In my first year as a travelwriter I went to 27 countries. I learned pretty quickly that you can't just take every trip you are offered.
In that first year I saw a lot (and ate and drank a lot) but had no time to research the trips properly or find outlets to sell the stories. I spent a fortune on airport car parks, taxis and bottled water. I soon got bored with days spent at airports, on ferries and in tour buses.
It's clear that too much travel is as bad as not enough.
So now I've learned to do just what I need and want to do. That means snapping up well-paid commissioned trips or going to places that I really want to go. But not wasting my weeks on trips back to the over-publicised destinations that everyone has read a hundred times already.

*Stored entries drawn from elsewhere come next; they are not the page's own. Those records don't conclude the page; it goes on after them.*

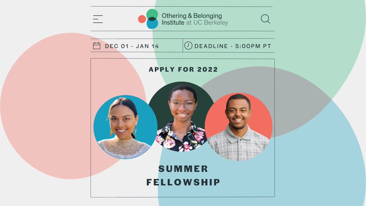 #OBI Summer Fellowship is a paid research experience for individuals seeking to develop their research skills by engaging w/ the Institute’s multidisciplinary research, analysis, policy, & strategic narrative work.#Summer#Fellowship#student DETAILS: https://belonging.berkeley.edu/summer-fellowship-1 …pic.twitter.com/c1cWAMUdmf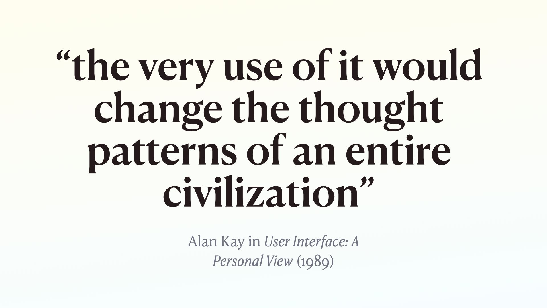 Alan Kay picked up a lot of this Philosophy and applied it while developing the foundations of most of our current computing environments at Xerox PARC Wrote a paper called “User Interface: A Personal View” in 1989 where he talked about his vision of the potential of computational mediums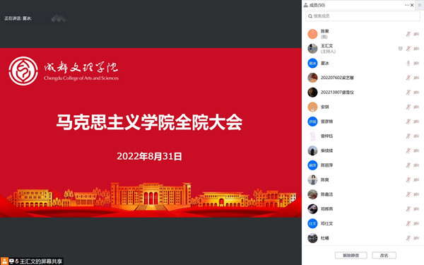 月日晚上:马克思主义学院召开线上全院大会会议由学院副院长夏冰主持马克思主义理论教研室主任古威、思想政治教育教研室主任柴续续、学工办主任袁久斌、各课程组负责人和学院全体教师参加。会议主要围绕新学期开学工作进行部署安排。会上夏冰首先传达了学校教学工作会的各项要求强调要抓紧时间在开学前完成好各项准备工作做好部分新生到校的安排工作充分保障课堂教学的规范和有序。其次就线上教学工作的注意事项和相关要求向全院教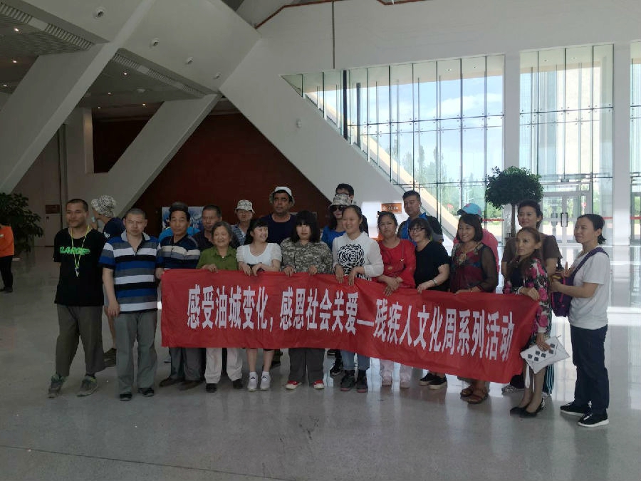 在景区,导游细心地为残障人士讲解每一处的景点,让他们快乐的享受着从未有过的体验,很多残疾人不禁感慨道:“这是第一次出这么远的门,不仅有志愿者陪我们,还为我们提供这么贴心的服务,让我们能够轻松游玩,欣赏身边的美景,了解油城的历史,今天玩得很开心,谢谢党和政府对我们残疾人的关怀。”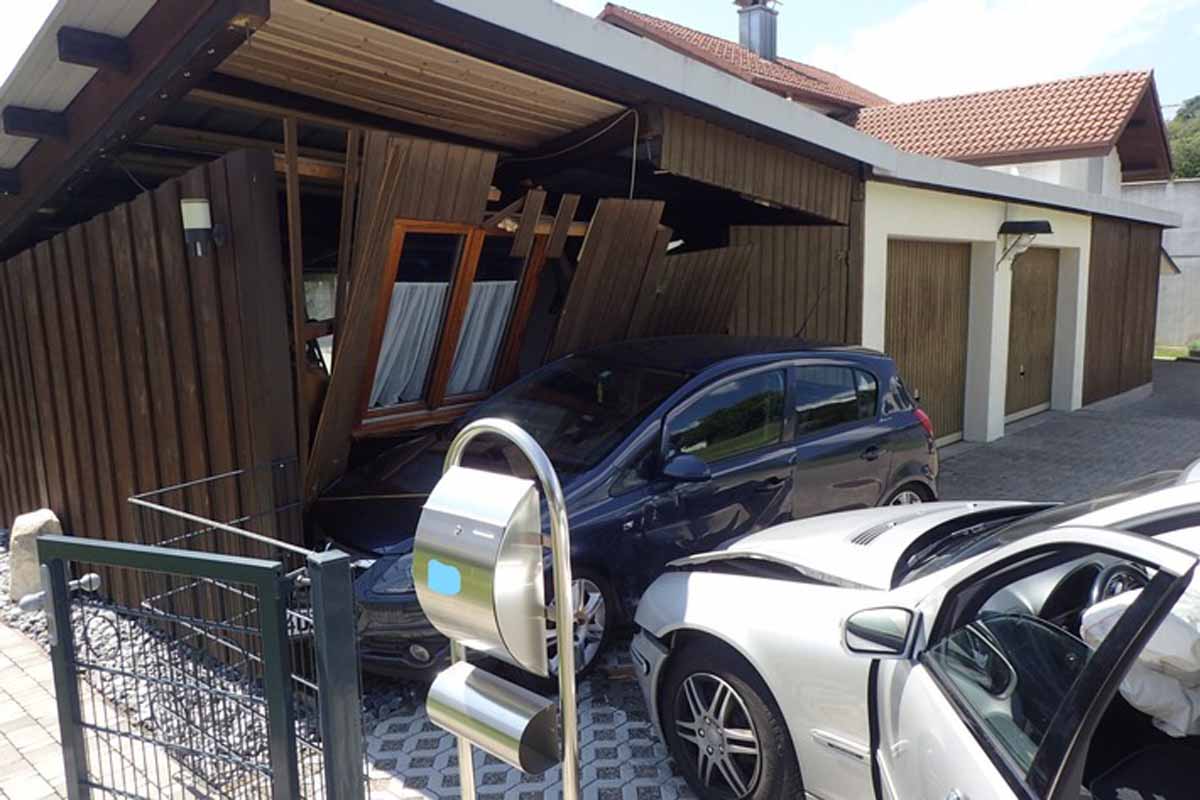 An den Autos dürften Totalschäden entstanden sein, der Schopf wurde komplett verschoben. Der Höhe des Sachschadens liegt bei mindestens 25000 Euro.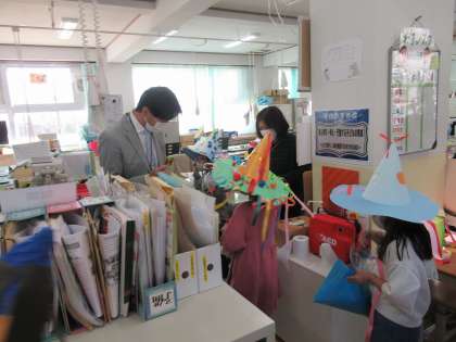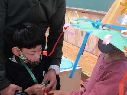 その帽子いいなぁ。とみんなに言ってもらって,とっても嬉しそうな2年生!
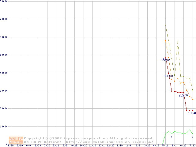 PC3200(DDR400) DDR SDRAM DIMMの最安値推移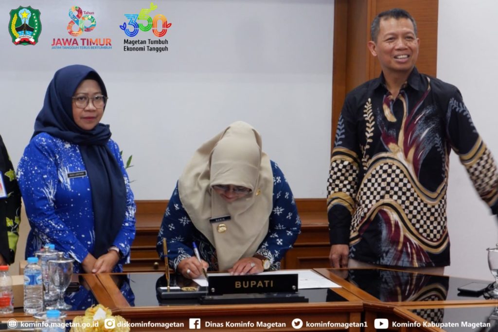 Penandatanganan yang diikuti oleh 109 pemerintah daerah dari 6 provinsi, 71 kabupaten, dan 32 kota ini menjadi langkah penting dalam upaya optimalisasi penerimaan pajak serta memperkuat kemandirian fiskal daerah. Kabupaten Magetan menjadi salah satu peserta aktif yang menandatangani perjanjian tersebut, dengan pelaksanaan kegiatan terpusat di Ruang Rapat Bupati Magetan, dipimpin langsung oleh Bupati Magetan Hj. Nanik Sumantri.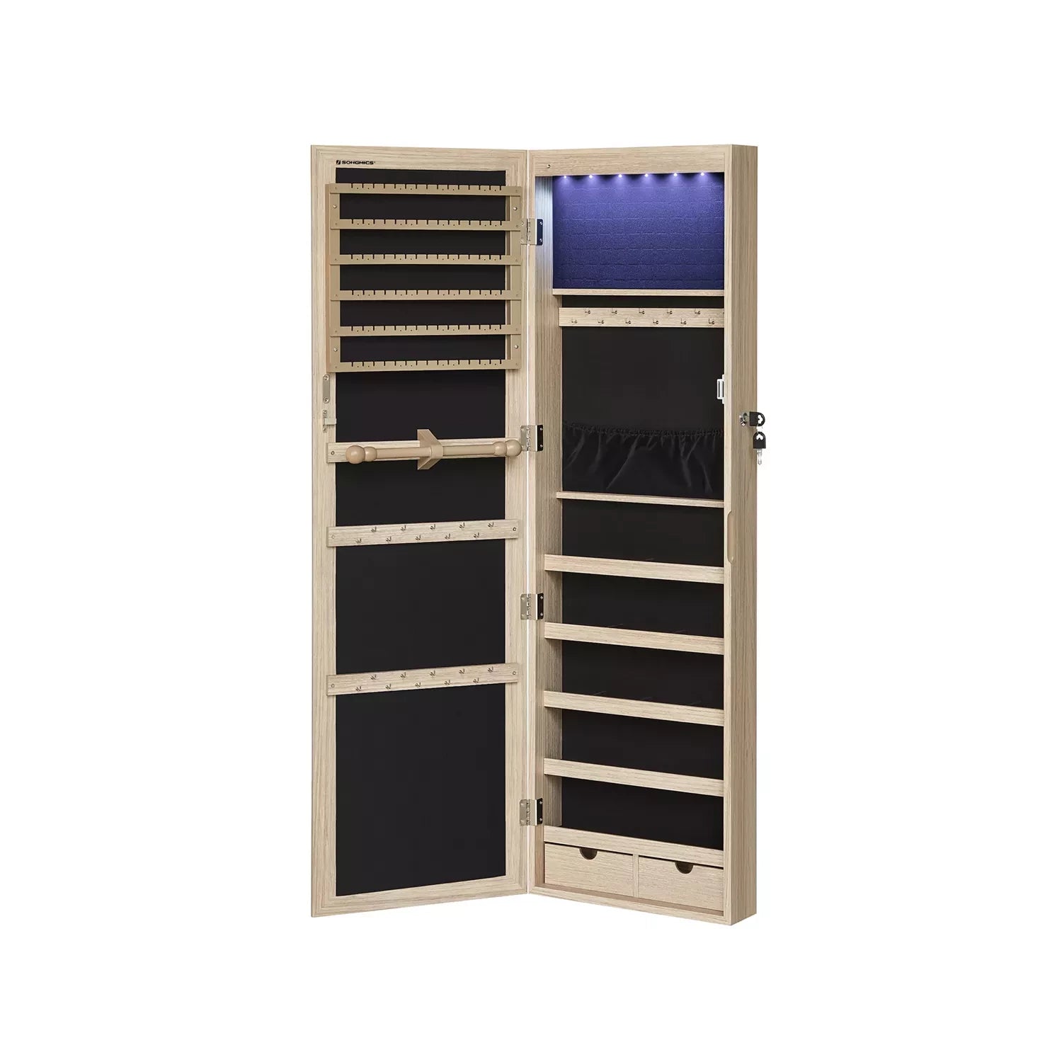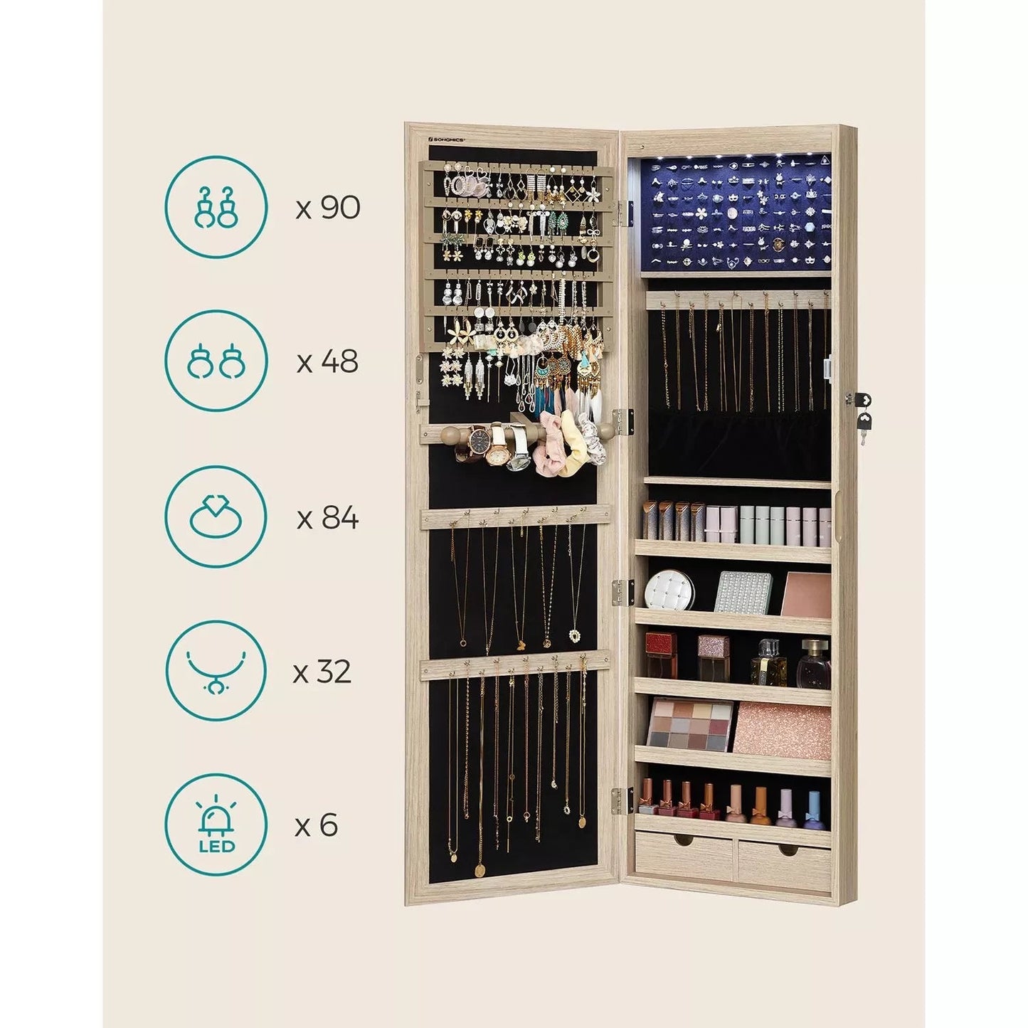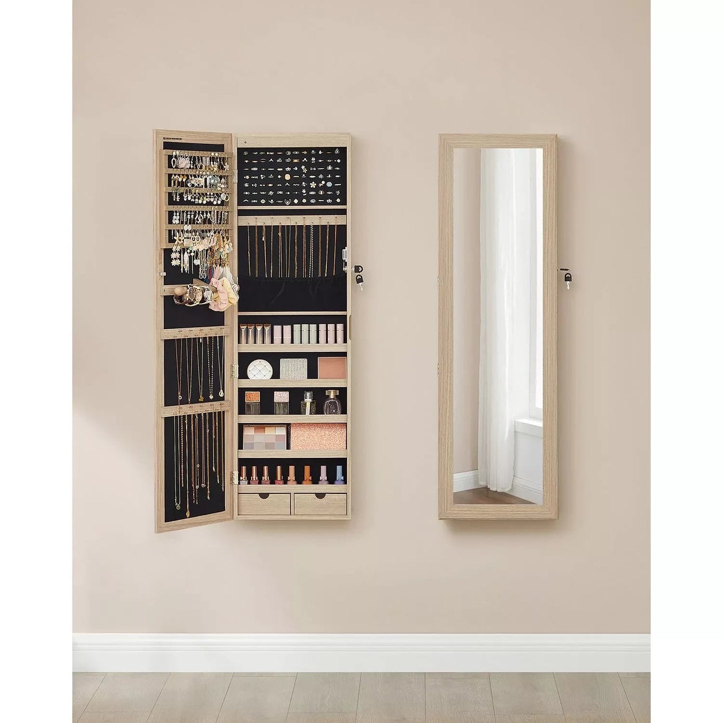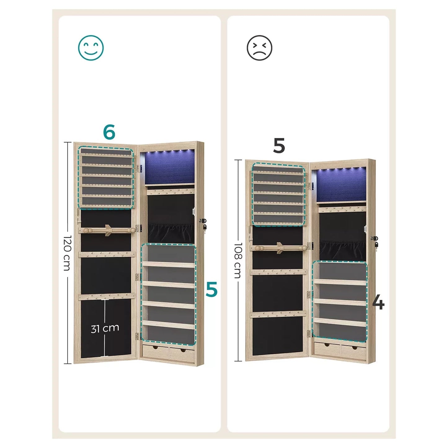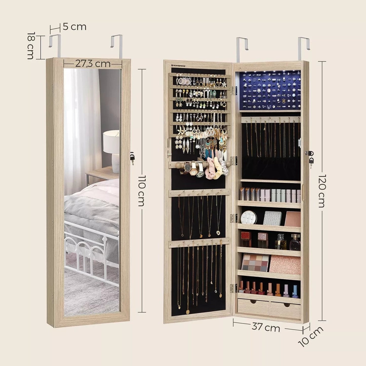 When you look at the pile of mismatched trinkets taking up your dressing table, what would you most like to do? Please don't throw them away in the next drawer, use this jewelry cabinet from Inand Outdoormatch! Store jewelry like a pro: Store earrings on the earring holders, necklaces on the hooks and bracelets on the bracelet bar. But what about the subjects that are still free? For example, fill them with jewelry care products, perfumes or other small items. The spacious and smart layout of this jewelry cabinet allows you to organize your jewelry like a professional. Obstacle-free beauty routine: Now that you have your jewelry neatly stored, you no longer have to frantically search for lost earrings or pick apart your tangled necklaces. the morning. Instead, simply choose the matching jewelry from this all-in-one jewelry cabinet and check out your outfit in the full-length mirror before leaving the house. From now on, every morning will be wonderful! Product details: Color: oak-colored Material: MDF (medium density fiberboard), velvet, glass Total dimensions: 37 x 10 x 120 cm (L x W x H) Mirror size: 27.3 x 110 cm Weight: 10 kg Scope of delivery: 1 x hanging jewelry cabinet 2 x wall hooks for hanging the cabinet 1 x accessory pack 1 x instructions In and outdoor match Notes: Remove the batteries if you do not plan to use the LED lights for an extended period of time. To prevent deformation, this product should not be placed in a humid environment.

I'm still waiting to go to Japan, Tahiti and I can't wait to go back to Patagonia, but I will never again spend ten days by myself in a cheap tourist hotel in Magalluf Mallorca just to see what it's like.
What this means is that every single day I have the odd experience of turning down travel PR people offering me free trips to places all over the world. Today, for example, a wet Monday in May, I've politely declined visits to Egypt, Scotland, the Lake District and Florida Keys.
I could spend the whole next month taking up those offers, earn no money and spend dreary hours on motorways and in airports in the process.
Instead I'm waiting for a trip to Sweden in a couple of weeks which will end up in the Mail on Sunday and thetraveleditor.com/. That'll do for now.
I'm reporting this, not to show off - after any travelwriters will be getting the same offers as me - but to show what a strange view of travel us professionals get.
While most people dream for weeks of their next trip, we end up almost begrudging the whole process. It's work, nice work, but still work.
After a while even the smartest hotels and weirdest landscapes can seem like another day spent clutching a notebook, asking how you spell people's names and reminding yourself to take photos.
So for you, the reader, there's a good side to all this: jaded old travel hacks like me are unlikely to be bowled over by some average new hotel in Tuscany or another bunch of palm trees round a swimming pool in the Caribbean. We've seen it all before and know there are a hundred others just down the road.
So when we do rant about how good something is - then it REALLY has made an impression.